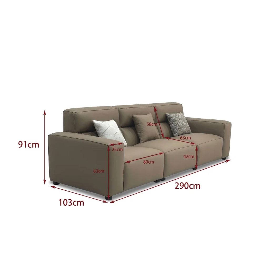 坐深:63 cm 靠背高度: 58 cm 离地高度: 42 cm 扶手宽度: 25 cm 290*103*91【生态真皮】 290*103*91【接触面牛皮】
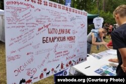 Можна было навучыцца ткаць традыцыйныя паясы на майстар-клясе Рэгіны Лавор і сьпяваць жніўныя сьпевы з Вольгай Барышнікавай.
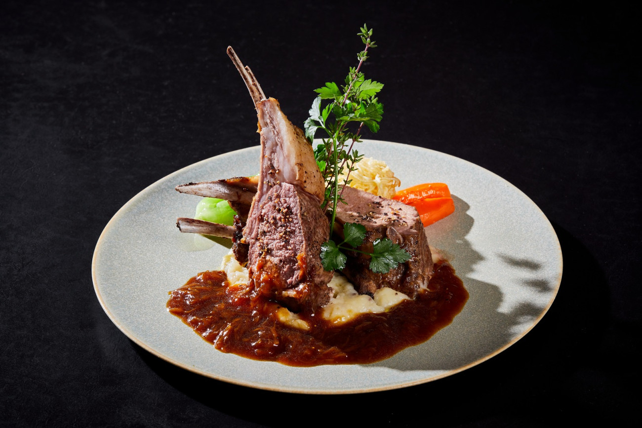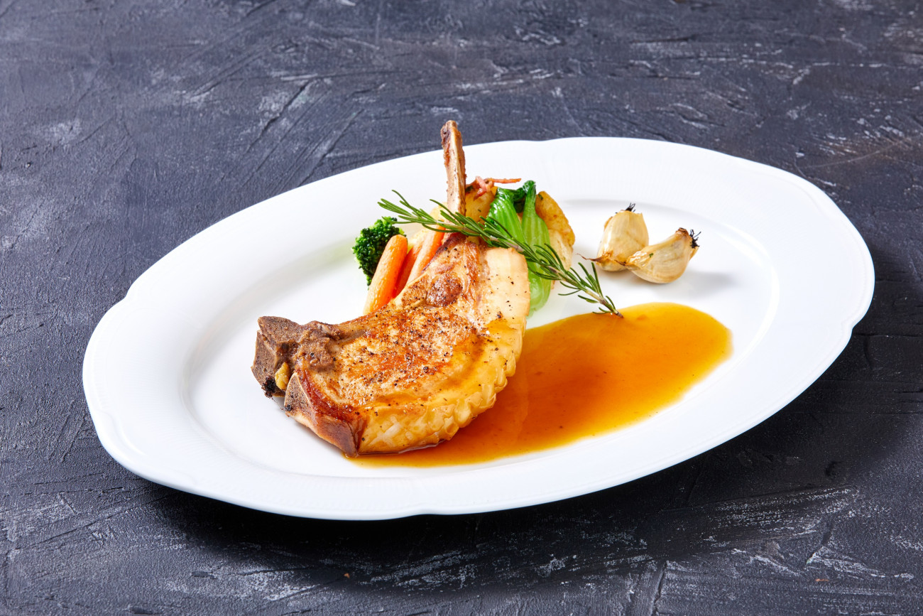 ・キビまる豚の骨付きロース肉の炙り焼きローズマリー香るジュ・ド・ポーク ¥6,000
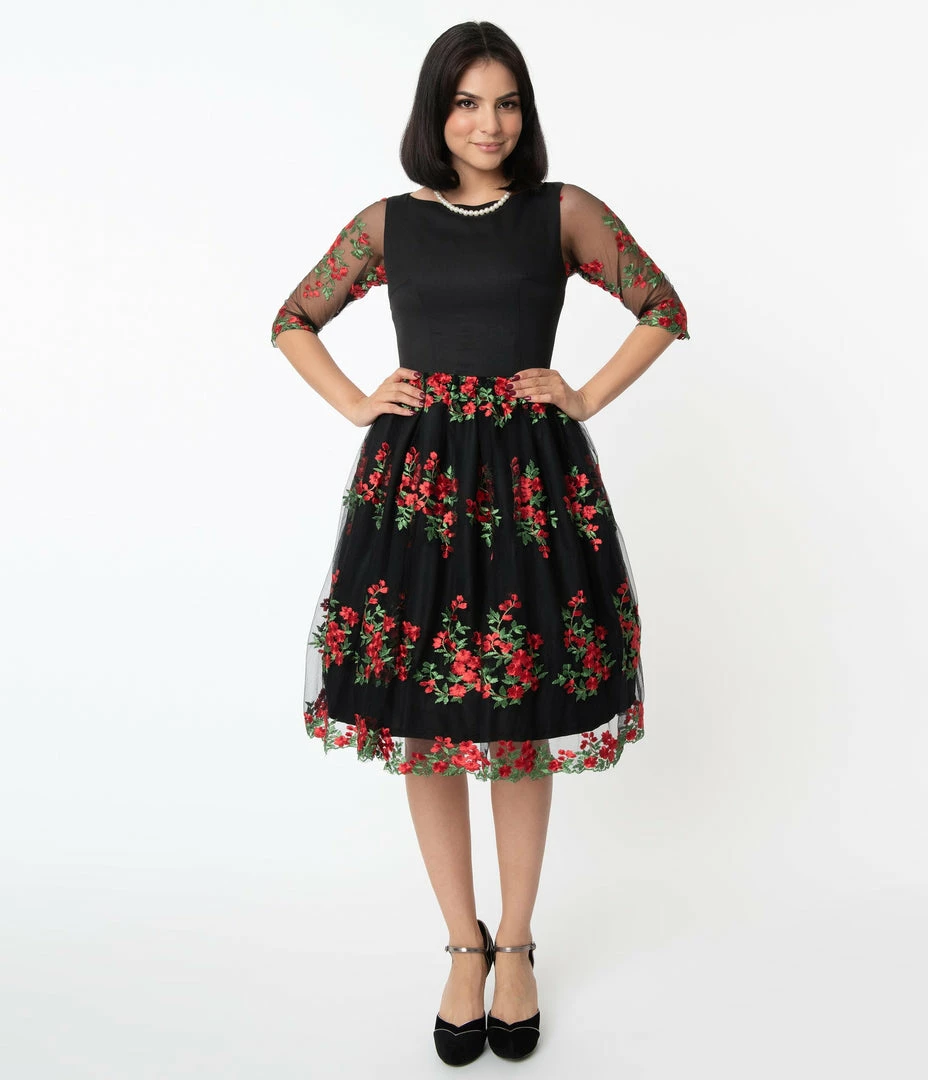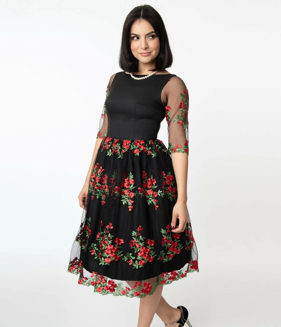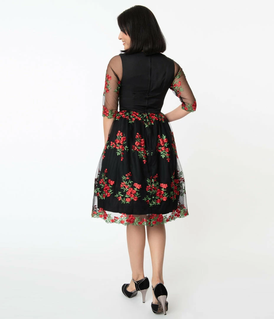 Bring a rush to their hearts, darling! A heavenly silhouette in mid-century styling that boasts a gathered skirt of black mesh, dancing with red embroidered florals and green leaves. The darted bodice is topped by a bateau neckline and framed by flirtatious sheer three-quarter length sleeves. The seamed waist is nipped in with a back zipper as the swing skirt drops to your knees. It’s simply sublime!

§ **WHAT TO WORK ON**
With the pictures set aside, write out the whole listing exactly.

§ **SOLUTION FOR THIS PROBLEM**
 坐深:63 cm 靠背高度: 58 cm 离地高度: 42 cm 扶手宽度: 25 cm 290*103*91【生态真皮】 290*103*91【接触面牛皮】
 Можна было навучыцца ткаць традыцыйныя паясы на майстар-клясе Рэгіны Лавор і сьпяваць жніўныя сьпевы з Вольгай Барышнікавай.
 ・キビまる豚の骨付きロース肉の炙り焼きローズマリー香るジュ・ド・ポーク ¥6,000
 Bring a rush to their hearts, darling! A heavenly silhouette in mid-century styling that boasts a gathered skirt of black mesh, dancing with red embroidered florals and green leaves. The darted bodice is topped by a bateau neckline and framed by flirtatious sheer three-quarter length sleeves. The seamed waist is nipped in with a back zipper as the swing skirt drops to your knees. It’s simply sublime!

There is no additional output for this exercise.